I am sort of implying that “climate science” isn’t civilized.  Its not.  “Climate science” is much more appropriate for story tellers shocking and frightening listeners over the campfire.  It has no place in the scientific press or in reputable news.  It’s junk, not even junk science, an idiot’s term to describe falsification either of the data or the process.

The worry is that most any journal will publish a “climate science” paper with sensational press releases beforehand.  The depth of the corruption includes such estimable journals like The Proceedings of the National Academy of Sciences, on to the more popular Nature and Science Magazine.

In a general sense, all those “climate science” papers are predictions, which have no place in the science literature.  It’s a scandal that things have gotten this far.  Its well past time for some self police work to be applied, such papers must not only be stopped from being published, the junk must be excised from the body of work loaded now.

To quote Mr. Pielke, “What the current publication process has evolved into, at the detriment of proper scientific investigation, are the publication of untested (and often untestable) hypotheses.  The fourth step in the scientific method “Test Your Hypothesis by Doing an Experiment” is bypassed.
This is a main reason that the policy community is being significantly misinformed about the actual status of our understanding of the climate system and the role of humans within it.”

I agree, but find it still a weak point.  It should never have happened.  All science is based on replicable results, if not replicable, why not is the issue.

A dire sense of dread should be moving through both the science literature community as well as “climate scientists.”  The computer models are not, never, nor will save careers.  The lesson to learn is that computer models might be fine for a way to grasp concepts, but for facts, they at best are predictions, no better, and likely worse than picking stocks or the trends in commodity prices.

So far the science journal community has let slip only the “climate science” – as far as we know.  That point, “as far as we know,” is the true problem to solve.  If the science literature community can’t be trusted on climate science what other fields have cracked into illegitimate publication?

It’s a matter of trust, in competence, confidence and reputation.  The depths of the wounds are becoming more broadly seen, and it’s long overdue.  I’m waiting for the admissions and the repairs to begin.  Anyone care to guess how long that will take?

Just for fun, someone will run a computer model showing how much money has been frittered away.  It’s going to be big – and inaccurate – but illustrate a disappointment in human character.

That’s what history will remember, part of the developed, educated (highly educated at that) population of the world bought into theory unprovable except by the “consensus.”  But only part bought the lie.  We’re still choosing where to sit, with the imagined consensus believers or with the skeptics looking for proof.

The worst part is the behavior of the believers.  It’s a sad state when “science” relies on the condemnations of believers upon the skeptics.  That’s the conduct that makes history.  It won’t be the warming or the cooling of the atmosphere that makes history – it will be how we treat each other that’s remembered.


Comments

3 Comments so far

  1. Matt on June 12, 2009 5:21 AM

    It’s interesting that scientists assault Intelligent Design for this exact problem.
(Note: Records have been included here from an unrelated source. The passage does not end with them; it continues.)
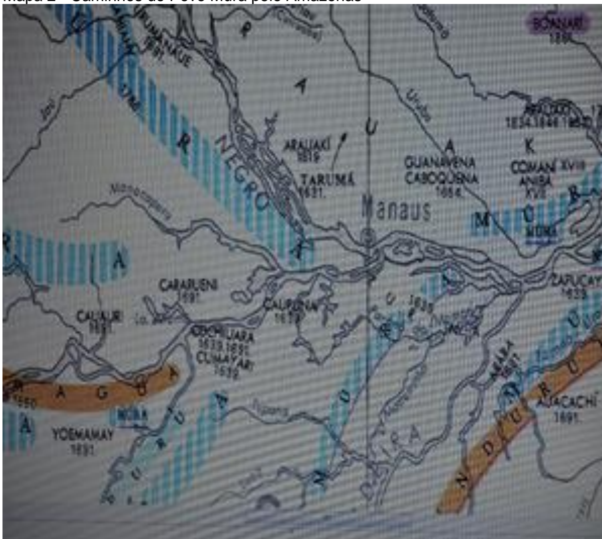
Mapa 2 - Caminhos do Povo Mura pelo Amazonas
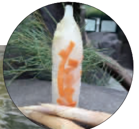
熊猫的水果冰
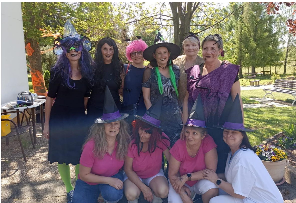
Pálení čarodějnic se vydařilo
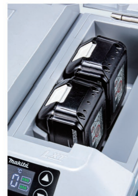
Batería LXT de 18V (dos en paralelo o una)
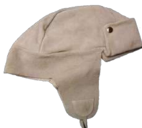
Chavito de cuero de cromo
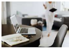
यामाशिना वार्ड कार्यालय Yamasina Ward Office
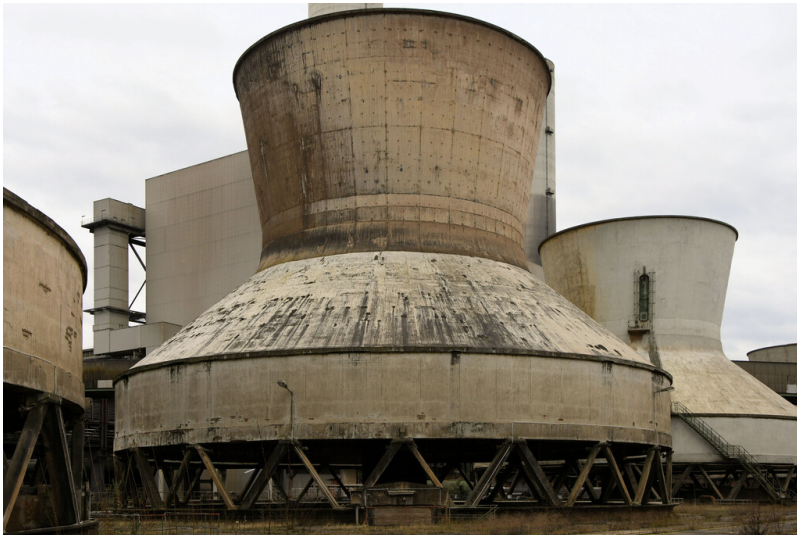
Kraftwerk Frimmersdorf II: Ventilator-Kühlturm 24, Ansicht von Nordwesten; Foto: 22.03.2023
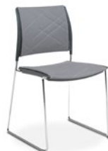
34006 Aproximação I Complete Assento e Encosto Estofados
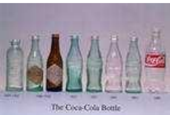
The Coca-Cola Bottle
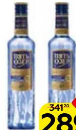
Водка ПЯТЬ ОЗЕР , премиум, 40%, 0,5 л
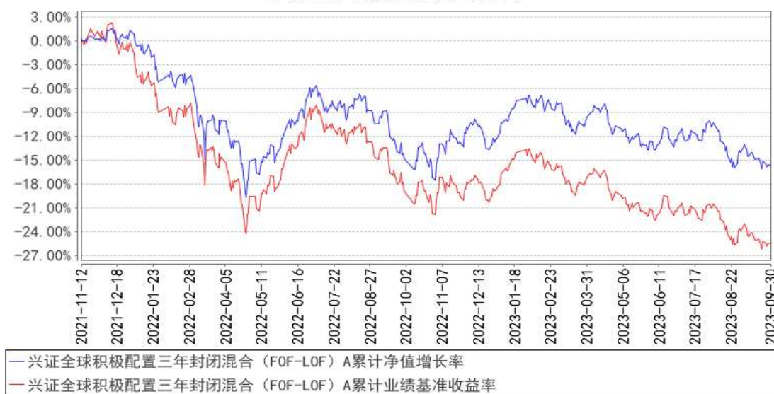
兴证全球积极配置三年封闭混合（FOF-LOF）A 累计净值增长率与同期业绩比较基准收益率的历史走势对比图
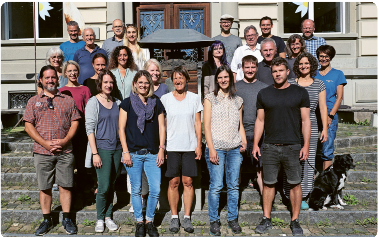
Team Schuleinheit Feld
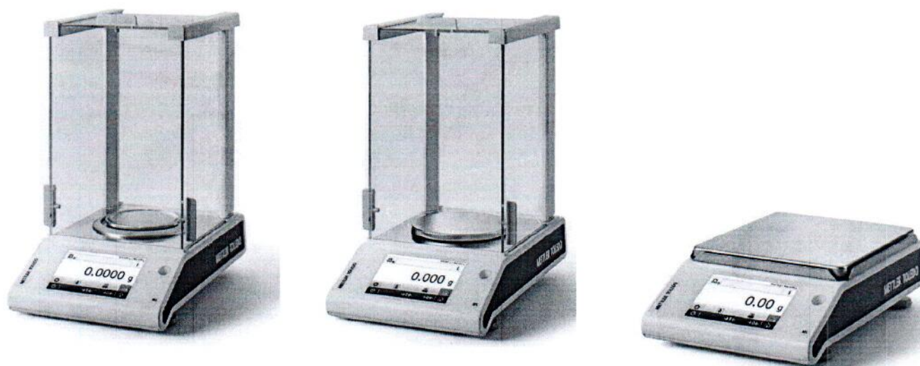
Общий вид весов модификаций ML
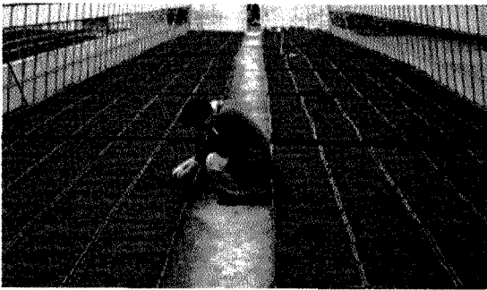
그림 2. 온실 파종 상자에 파종한 백합나무

■ 파종은 2월 초순에 실시하며, 일반상토 또는 바이오, 파워믹스, 에버그린 등의 상토를 이용하는 것이 좋다. 파종량은 ㎡ 당 50g을 흩어 뿌리며, 비 가림 하우스에서 4월 중하순까지 생육시킨다. 관수 등의 방법은 일반 노지 양묘와 동일하게 실시한다.
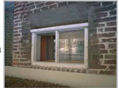
Prefab betonnen vensters met de derde en laatste glaslaag.
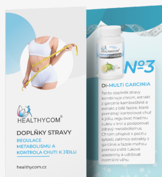
Regulace metabolismu a kontrola chuti k jídlu
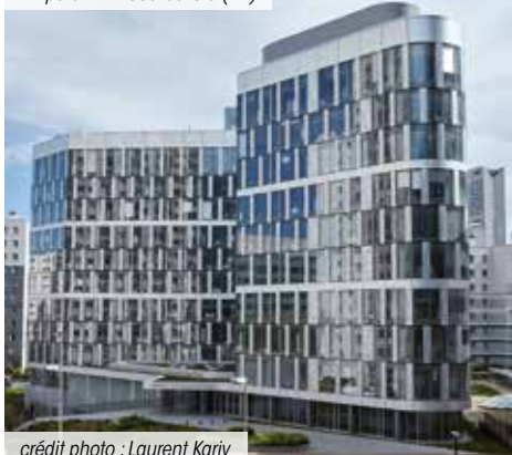
Ampère E+ – Courbevoie (92)

*** Pour les non résidents seuls les immeubles détenus en France sont pris en compte.
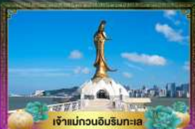
เจ้าแม่ทวนอิมริมทะเล
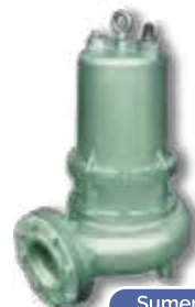
Sumergibles para lodos
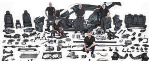
Mazda CX-5 in Einzelteilen – mit dem AUTO BILD Testteam.

Note eins für den Kompakt-SUV-Bestseller: Der Mazda CX-5 hat den 100.000-Kilometer-Dauertest der Fachzeitschrift „AUTO BILD“ mit Bravour bestanden. Nicht nur im Alltagseinsatz überzeugte das Mazda Erfolgsmodell die Redakteure; auch in Sachen Zuverlässigkeit und beim technischen Zustand gab sich der CX-5 keine Blöße. Ohne nennenswerte Mängel und mit einwandfreier Werkstattdienstleistung verdiente sich das Kompakt-SUV eine der besten Noten, die jemals in einem Dauertest vergeben wurden. In der ewigen Bestenliste von inzwischen 68 Fahrzeugen reichte das für Platz 4.
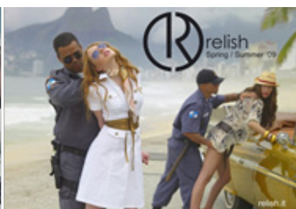
Figura 5: Relish (reprodução)
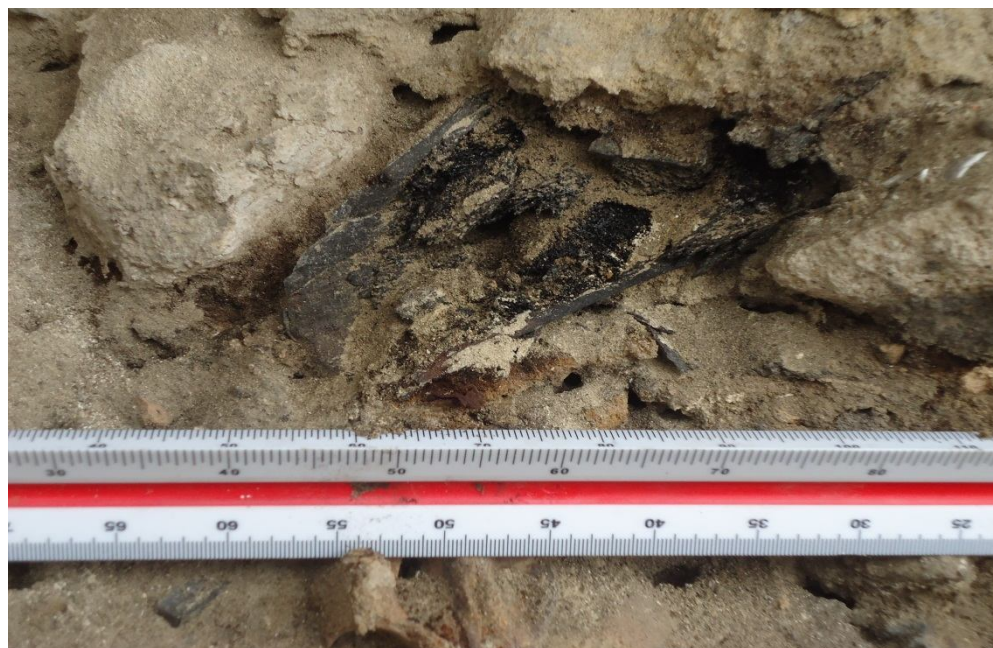
مناظر للربوة (طبقات من الشقف وبقايا من مواد الحرق للأفران)
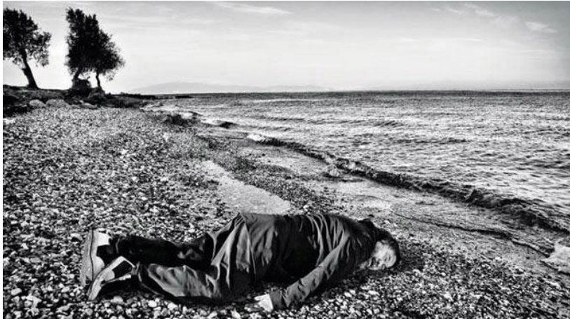
Şekil 1. Ai Weiwei. Aylan Bebek Temsili Fotoğraf. 2016.
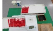
シャープペン組み立て
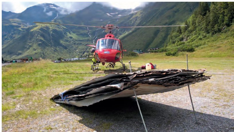
Entsorgung Blechplatten Bockartsee (Bild: H. Hinteregger).

BL Heinz Hinteregger Berg und Naturwacht Pongau
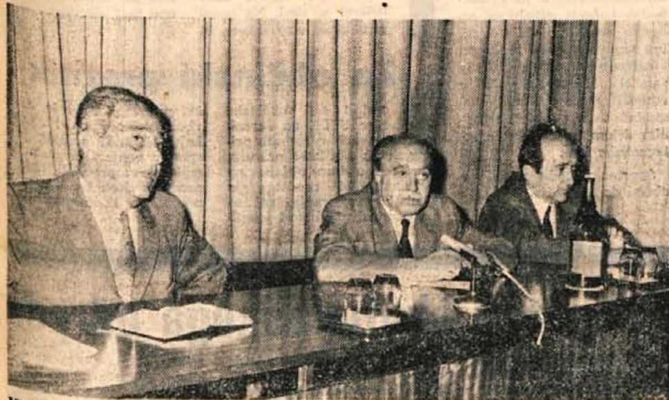
Mitja Ribičič med pogovorom s predstavniki gospodarstva in družbenopolitičnih organizacij radovljiške občine.

Gorenjski turistični delavec so minulo nedeljo zabeležili največji obisk oziroma zasedenost v letošnji poletni sezoni. Vsi turistični kraji so napolnjeni z gosti. Prevladujejo tuji gostje. Na Bledu so v nedeljo zabeležili 4300 gostov, od tega več kot dve tretjini tujcev. V kampu Zaka so dosegli rekord: prek 1200 obiskovalcev, v kampu Sobec pa je bilo več kot 2200 gostov.
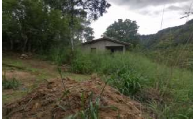
නිවාසසංවර්ධන අධිකාරිය ලබාදුන් රු.500,000 ක ණය මුදල යොදා ඉදිකර වැඩ නිම නොකළ නිවාස
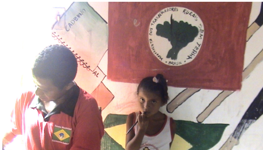
FIGURA 9 – Sala de aula da escola Raimundo Cabral.

pelas crianças. A Secretaria possui uma mesa, cadeira e armários; o que dá a ela uma aparência de biblioteca 41 , uma das grandes carências das escolas do Assentamento.
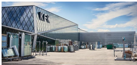
Das KFK Gebäude in Kroatien.

Früher fertigte KFK hauptsächlich für Kunden aus Kroatien. Heute ist das Unternehmen auf der ganzen Welt tätig. „Unser Fokus liegt im Moment auf dem Vereinigten Königreich, dort herrscht ein Bauboom. Immer höhere, immer raffiniertere, immer bessere Gebäude entstehen in allen Metropolen dieser Welt und London ist da keine Ausnahme“, so Papac. Er berichtet – nicht ohne Stolz – von KFKs derzeit größtem Projekt: „Wir arbeiten gerade an einem Wohngebäude in London. Es ist das höchste sich im Bau befindliche Wohngebäude Europas – mit 233 Metern Höhe und 76 Stockwerken. Das bedeutet natürlich auch, dass sehr viele Fassadenelemente gefertigt werden müssen.“ Bis ein solches Mammutprojekt fertiggestellt ist, dauert es mehrere Jahre. In diesem Fall sind es dreieinhalb.
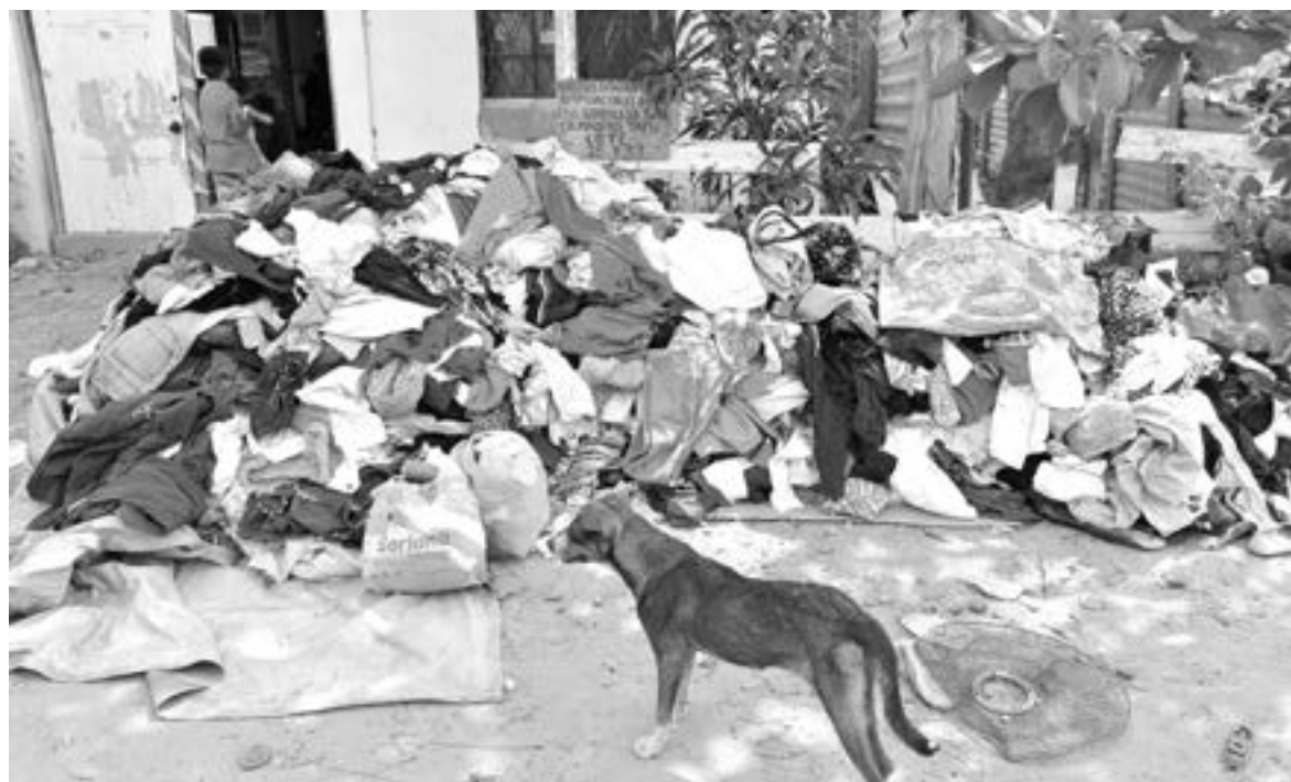
MIRAMÁPOLIS ES la colonia con más perros callejeros.
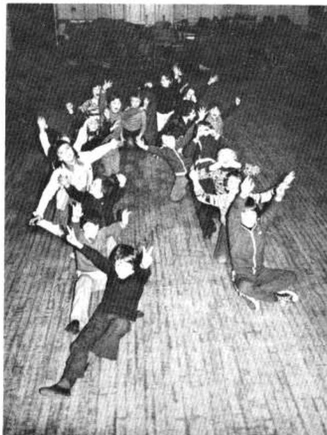
Aelodau Adran newydd sbon yr Urdd yn Y Rhath — cyfarfod am 6.30p.m. bob nos Fawrth yn Ysgol Bryntaf.

Bydd y rhifyn nesaf o'r Dinesydd yn ymddangos ar Fai 7fed. Deunydd ar gyfer y rhifyn hwnnw erbyn EBRILL 26 fan bella, os gwelwch yn dda. Danfoner at: Golygydd Y Dinesydd , 66 Heol Maendy, Cathays, Caerdydd.
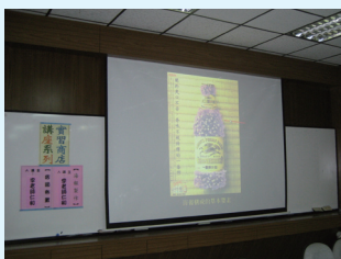
海報店面設計講座

ID proponents cannot test their hypothesis.

    But, the Climate Change proponents get a pass because it’s politically correct scare mongering and not Science.

  2. Al Fin on June 12, 2009 11:41 AM

    Anthropogenic climate change is a politico-scientific economic movement. You cannot separate the “scientific” from the economic and political components.

    The editors of Science and Nature who apply a double standard to publication of studies that adhere to the “creed” vs. studies that demonstrate reasons to be skeptical of the creed, are operating as political and economic actors.

    Their futures in the publishing industry are somewhat at stake here, so they must “do the right thing” in a “Spike Lee” sense of the term.

  3. Musson on June 14, 2009 7:42 AM

    Three scientists were stranded on a desert island when a can of beans washed up and they had to figure out how to open it.

    The physicist said, ‘Climb a tall palm tree and toss the can at a sharp rock. The force of the can hitting the rock will cause a pressure wave that will open the can.

    The chemist said, ‘Place the can in a tidal pool where the corrosive action of salt water will eventually eat through the metal of the can.’

    The climate change scientist said, ‘First let us just Assume a Can opener!’